--- RECORD SET Enclosed Below ---
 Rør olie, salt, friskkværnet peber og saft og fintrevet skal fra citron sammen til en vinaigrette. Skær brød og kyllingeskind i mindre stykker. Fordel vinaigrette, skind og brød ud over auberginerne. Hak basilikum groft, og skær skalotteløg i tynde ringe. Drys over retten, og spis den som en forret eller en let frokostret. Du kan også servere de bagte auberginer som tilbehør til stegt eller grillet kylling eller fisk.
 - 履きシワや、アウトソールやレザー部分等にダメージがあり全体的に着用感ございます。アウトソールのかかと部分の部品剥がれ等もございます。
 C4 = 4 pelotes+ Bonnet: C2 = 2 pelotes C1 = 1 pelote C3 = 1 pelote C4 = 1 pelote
--- End of Enclosed RECORD SET ---
--- RECORD SET Enclosed Below ---
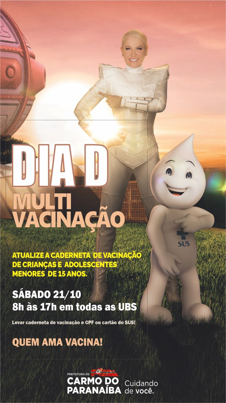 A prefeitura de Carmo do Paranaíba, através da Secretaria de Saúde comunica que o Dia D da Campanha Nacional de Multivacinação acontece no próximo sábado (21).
--- End of Enclosed RECORD SET ---
## EXERCISE DETAILS
Reproduce exactly the stretch of the material above that starts at the line with "Rør olie, salt, friskkværnet" and ends at the line with "C4 = 4 pelotes+", both included, and nothing else.

## SOLUTION TO THE PROBLEM
 Rør olie, salt, friskkværnet peber og saft og fintrevet skal fra citron sammen til en vinaigrette. Skær brød og kyllingeskind i mindre stykker. Fordel vinaigrette, skind og brød ud over auberginerne. Hak basilikum groft, og skær skalotteløg i tynde ringe. Drys over retten, og spis den som en forret eller en let frokostret. Du kan også servere de bagte auberginer som tilbehør til stegt eller grillet kylling eller fisk.
 - 履きシワや、アウトソールやレザー部分等にダメージがあり全体的に着用感ございます。アウトソールのかかと部分の部品剥がれ等もございます。
 C4 = 4 pelotes+ Bonnet: C2 = 2 pelotes C1 = 1 pelote C3 = 1 pelote C4 = 1 pelote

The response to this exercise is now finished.